- Born: Makiko Esumi (江角 真紀子) 18 December 1966 (age 59) Izumo, Shimane, Japan
- Other name: Makiko Hirano （平野 真紀子）
- Occupations: Model; actress; writer; essayist; lyricist;
- Years active: 1995–2017
- Spouses: Shin Hirano,; ; Rowland Kirishima ​(divorced)​
- Children: 2
- Website: https://web.archive.org/web/20090815065200/http://www.ken-on.co.jp/artist/html/esumi.html

= Makiko Esumi =

Japanese actor and writer

Makiko Esumi (江角 マキコ, Esumi Makiko) (born 18 December 1966 in Izumo, Shimane Prefecture, Japan) is a former Japanese model, actress, writer, essayist, and lyricist.
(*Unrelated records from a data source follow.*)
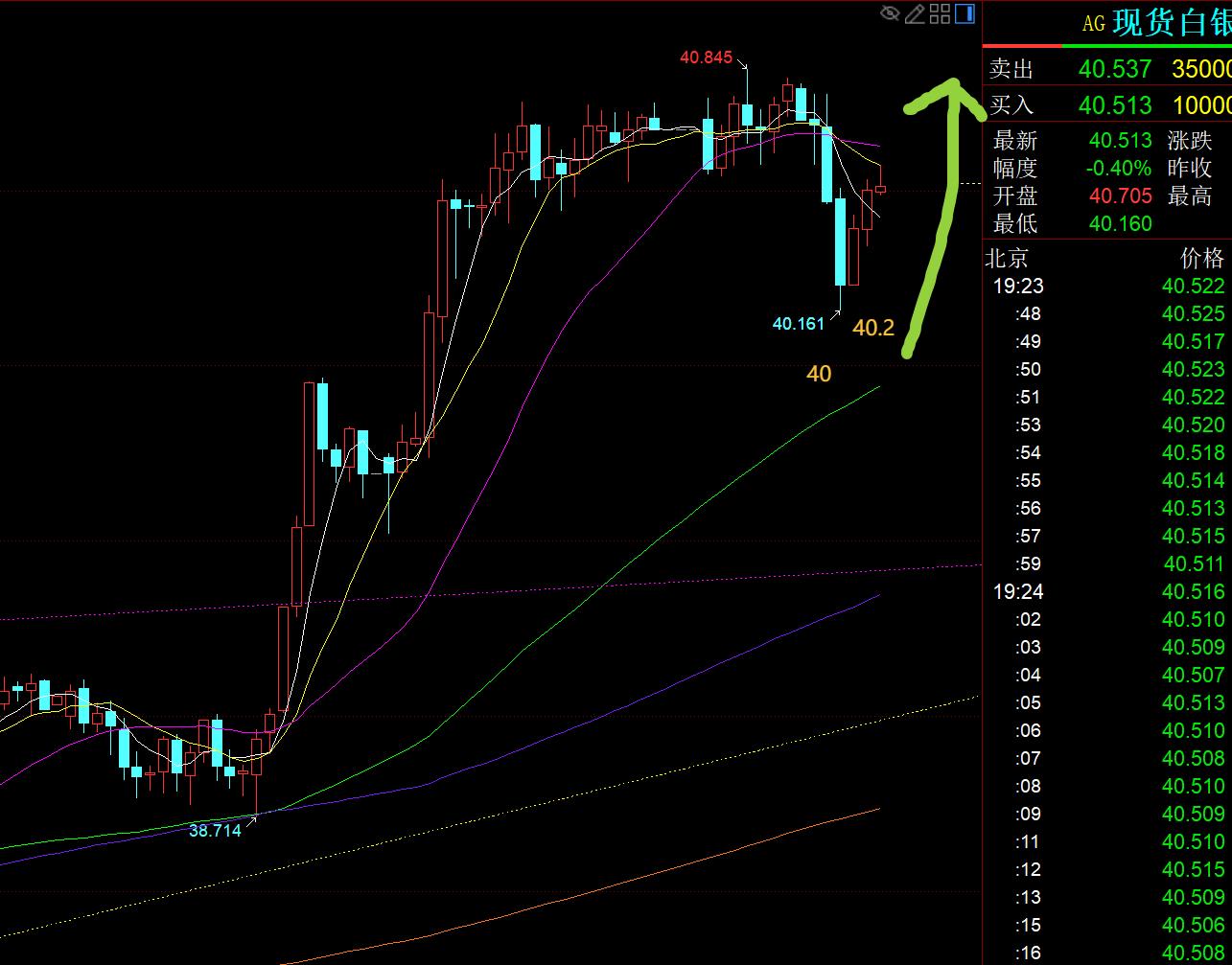 Second, silver: the weekend video gave a back-retracement of 39.5 and 39.35 in advance, and can continue to be bullish. Yesterday morning, it fell to 39.5 and stabilized, and it attacked 1 unilaterally to the 40.6 line, and directly won 1 yuan a day, which is equivalent to a rise of 50 US dollars in gold;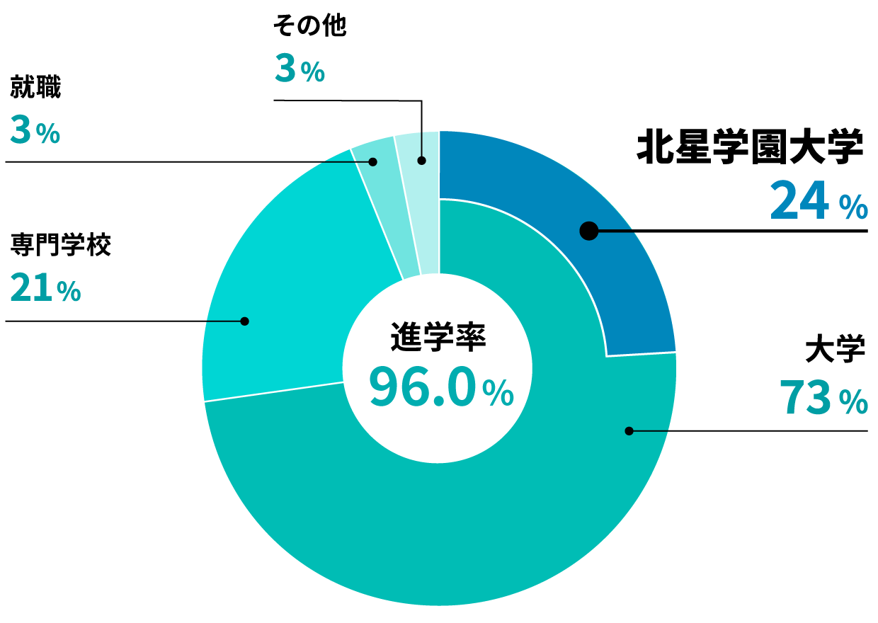 北星学園大学への進学においては、本校は他の高校に比べても非常に有利です。本校の大学入試状況は、北星学園大学への進学が毎年70〜80名前後となっており、ほぼ3人に1人の割合で北星大へ進学しています。附属校のみを対象とした説明会やオープンキャンパスが開かれています。
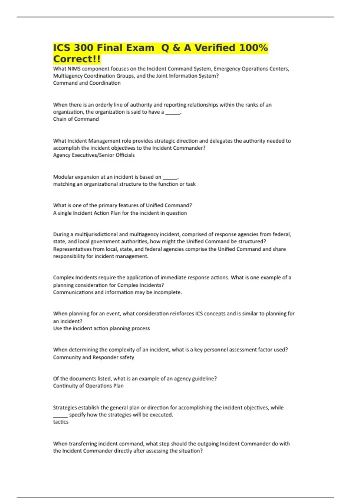 ICS 300 Final Exam Q & A Verified 100% Correct!! What NIMS component focuses on the Incident Command System, Emergency Operations Centers, Multiagency Coordination Groups, and the Joint Information System? Command and Coordination When there is an orderly line of authority and reporting relationships within the ranks of an organization, the organization is said to have a _____. Chain of Command What Incident Management role provides strategic direction and delegates the authority needed to accomplish the incident objectives to the Incident Commander? Agency Executives/Senior Officials Modular expansion at an incident is based on _____. matching an organizational structure to the function or task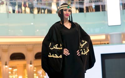 عارضة أزياء تقدم عباءة كتب عليها «شكراً خليفة.. شكراً محمد»، ضمن عرض للعبايات هذا الأسبوع بـ«دبي مول» في دبي. تصوير: أحمد عرديتي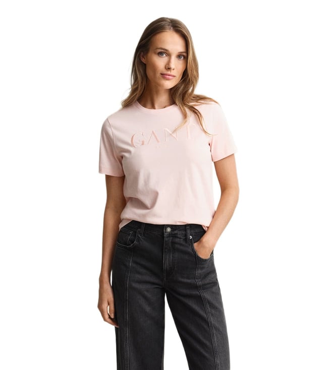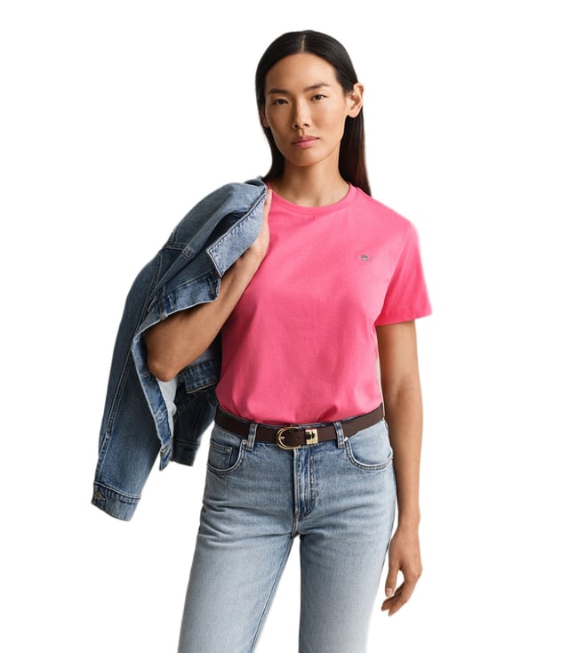 Women Pink Regular Fit Shield T-Shirt

Esumi is most well known for her role as Chinatsu Tsuboi in the Japanese television drama series Shomuni.

Esumi won the 1995 Rookie of the Year Award at both the 19th Annual Japan Academy Prize ceremonies and at the 38th Blue Ribbon Awards for her role in the 1995 film Maborosi. She was nominated in 2002 for the Best Actress Award at the 26th Annual Japan Academy Prize ceremonies for her role in Inochi.

In 2000, she released her single, One Way Drive, featuring guitar work and production by Tomoyasu Hotei, who also co-wrote the song with Esumi. She wrote a children's book in 2005.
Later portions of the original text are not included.